As COP22 begins in Marrakech, Morocco today, it is interesting to think about the role of agriculture in reducing greenhouse gas emissions (GHG) and in the adaptation of our food-production system. Development and Peace – Caritas Canada will be at the climate negotiations to follow the ways in which the Paris Agreement will be implemented and intends to make sure that its perspective on small family farming is heard loud and clear.
Putting agriculture at the heart of the solutions to counter the effects of climate change may seem at first glance irrelevant, but when we examine the issue more closely, we quickly realize its pertinence. Agriculture is responsible for more than one-third of greenhouse gas (GHG) emissions around the globe, yet this sector feels the impact of climate change head-on and is a victim of the hazardous climatic conditions.
Agriculture’s impact on global warming differs depending on the agricultural model that is applied. Indeed, industrial agriculture and family farming are not on an equal footing when it comes to GHGs. If we add transport, processing, packaging, freezing, retail sales and food waste, it is estimated that the global industrial agricultural system represents from 44% to 57% of total GHG emissions.
Development and Peace has published the report “Small Family Farmers: At the Heart of Climate Justice ” to shed light on this very issue. This report shows that we need to quickly initiate a transition to new agricultural models if we want to effectively fight against climate change.
The report includes cases studies from Burundi, Canada, Indonesia and Paraguay that present initiatives in agroecology, urban agriculture and integrated family farming that are being put forward by small family farmers.

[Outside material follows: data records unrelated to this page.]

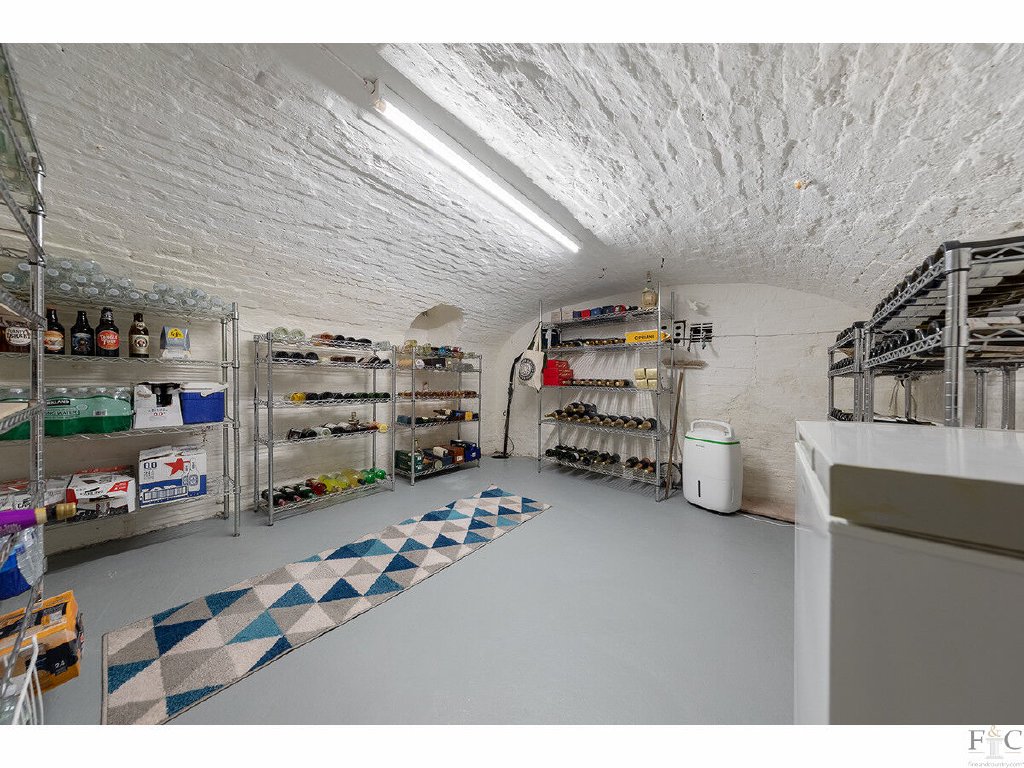 A door below the staircase leads down to the eighteen-foot square vaulted wine cellar. This is fitted with racking and strip lighting.
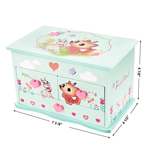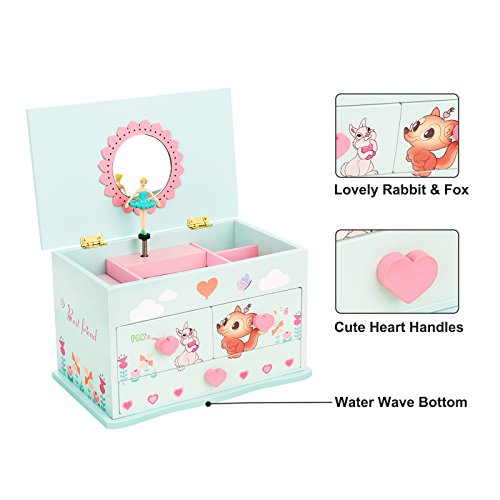 -. Feature : BALLERINA MUSIC BOX: Lovely ballerina figurine twirling to the melodious melody of "Twinkle Twinkle Little Star", easily motivates your girls to dance follow the ballerina / LOVELY FOX & RABBIT PATTERN: Adorable cartoon animals and scenery brings a sweet and romantic world to kids; cute pink heart-shape handles and eye-catching water-wave bottom line; great decor for kids room / AMPLE STORAGE SPACE: 3 drawers and 8 compartments make girls' little jewelry like necklaces, bracelets, cufflinks, hairpins separately; come with a handkerchief for easy cleaning / STURDY WOODEN BOX & FLOWER MIRROR: Made of high quality MDF material, the music jewelry box is sturdy enough to accompany the growth of your little girls; the delicate mirror hemming with a flower is beautiful, girls will love it / PERFECT GIFT IDEA: Overall Size 7 3 /8"L x 4 1/2"W x 4 7/8"H, ideal Christmas gift for girls of 3-13 years old and perfect for any gift-giving occasion
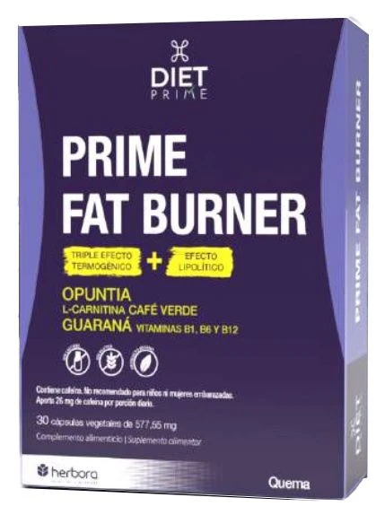 Prime Fat Burner de Diet Prime, con acción termogénica, aumenta el metabolismo, estimula la eliminación de grasas y mejora la actividad física. En formato cápsulas, está elaborado a base de opuntia, L-carnitina, café verde, guaraná y vitaminas B1, B6 y B12, una combinación de ingredientes que ayudan a reducir la acumulación de grasa en el cuerpo mediante un aumento del metabolismo basal a la vez que mejoran el estado de ánimo y la energía.
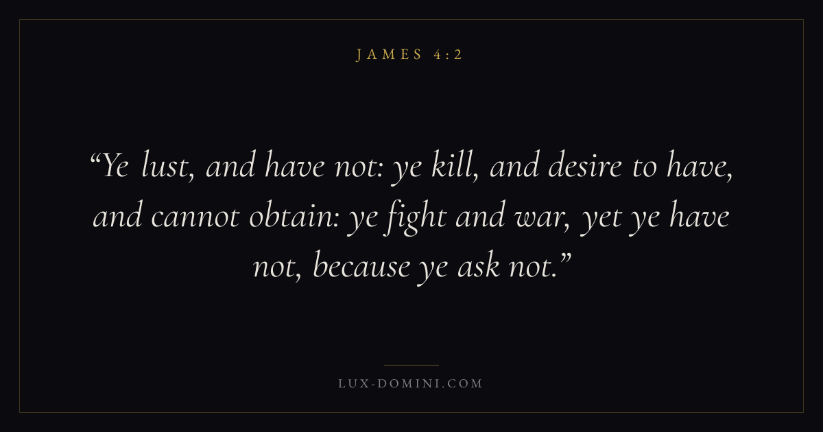 Ye lust, and have not: ye kill, and desire to have, and cannot obtain: ye fight and war, yet ye have not, because ye ask not.

Small family farmers in the Global South account for about 85% of farmers and produce about 60% of food consumed in the world, while only occupying 20% to 30% of arable land. Yet they are the first to suffer from hunger and the first to bear the impact of climate change. To fight effectively against climate change, Canada needs to financially support small family farms in three ways:
- Defending safe access to land for small family farmers;
- Financially supporting agricultural practices that are good for the environment, such as agroecology; and
- Ensuring that small family farmers have a voice in the political decisions that affect them.
The transition to a new agri-food system will take place one step at a time and will require Canada’s financial support.